Wakil ketua DPR Pramono Anung mengatakan, mahalnya demokrasi di Indonesia dapat dilihat dari besarnya biaya yang dikeluarkan setiap kelompok.
Kondisi itu jauh berbeda dengan proses demokrasi yang dijalankan di negara lain yang menerapkan politik biaya murah dan mengutamakan transparansi dalam penggunaan dana.
Perbandingan tentang mahalnya biaya demokrasi di Tanah Air tersebut dapat dilihat dari jumlah dana sumbangan dari pihak ketiga sebagaimana dilakukan di Australia.
Di negara itu, peserta sebuah proses demokrasi yang sedang berlangsung harus mengumumkan secara terbuka dana sumbangan yang masuk jika mencapai 10 ribu dolar AS.
Sedangkan di Indonesia, keharusan untuk mengumumkan secara terbuka itu jika telah mencapai minimal 100 ribu dolar AS untuk perseorangan dan 750 ribu dolar AS untuk perusahaan.
"Itu membuktikan bahwa biaya politik di Indonesia sangat mahal," katanya, Kamis (24/10).
Kondisi itu menjadi semakin mahal karena proses demokrasi yang akan dilalui setiap orang mencapai delapan jenis. "Dalam lima tahun bisa delapan kali.
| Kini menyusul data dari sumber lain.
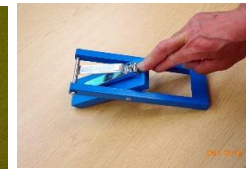
片手用爪切(タイプ1)

爪切りを台に固定しているので、爪切りを手で持たないで、手の平や、肘で押し爪を切ります。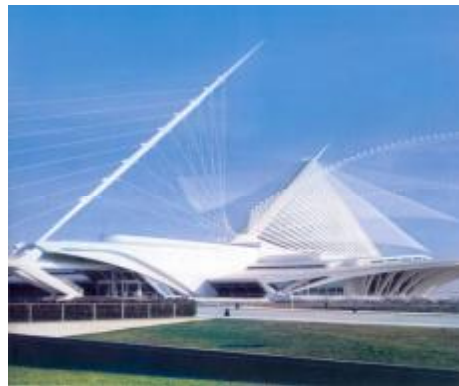
شکل ۳: موزه هنر میلواکی.

طراحی هوشمندانه و استثنایی موزه هنر میلواکی (شکل ۳) توسط سانتیاگو کالاتراوا در ویسکانسین، امریکا با ترکیبی خلاقانه از سازه‌های کششی، فرم‌های آزاد و سقف‌های دارای انحنا و ادغام آن با پل عابر پیاده کابلی پاسخی مناسب به معیارهای فوق‌الذکر و نشان دهنده بکارگیری صحیح اصول پایداری سازه و رفتار مناسب ساختمان در برابر نیروها همراه با رعایت اصل ضرورت در طراحی سازه و ساختمان می‌باشد. رعایت همین اصول و توجه به این معیارها در طراحی موزه هنر میلواکی علت اصلی موفقیت این طرح بوده است. طرحی که می‌تواند از نظر نوآوری با قصر بلورین ۸ طراحی جوزف پاکستون مقایسه شود.

Mulai dari presiden hingga kepala desa," kata politisi PDI Perjuangan itu.
Menurut Pramono, fenomena mahalnya proses demokrasi di Indonesia tersebut cukup mengkhawatirkan. Karena dapat berdampak langsung pada perilaku korupsi.
Kondisi itu menjadi tanggung jawab bersama agar proses demokrasi di Indonesia tidak perlu mengeluarkan biaya mahal dan kembali ke jalur yang benar.
Tanpa harus menghabiskan biaya yang besar, seluruh elemen bangsa harus dapat memanfaatkan proses demokrasi untuk memberikan kesejahteraan bagi rakyat.
"Kesejahteraan itu esensi dari demokrasi. Biaya mahal itu salah satu penyebab perilaku korupsi, walau penyebab utamanya adalah faktor keserakahan," katanya.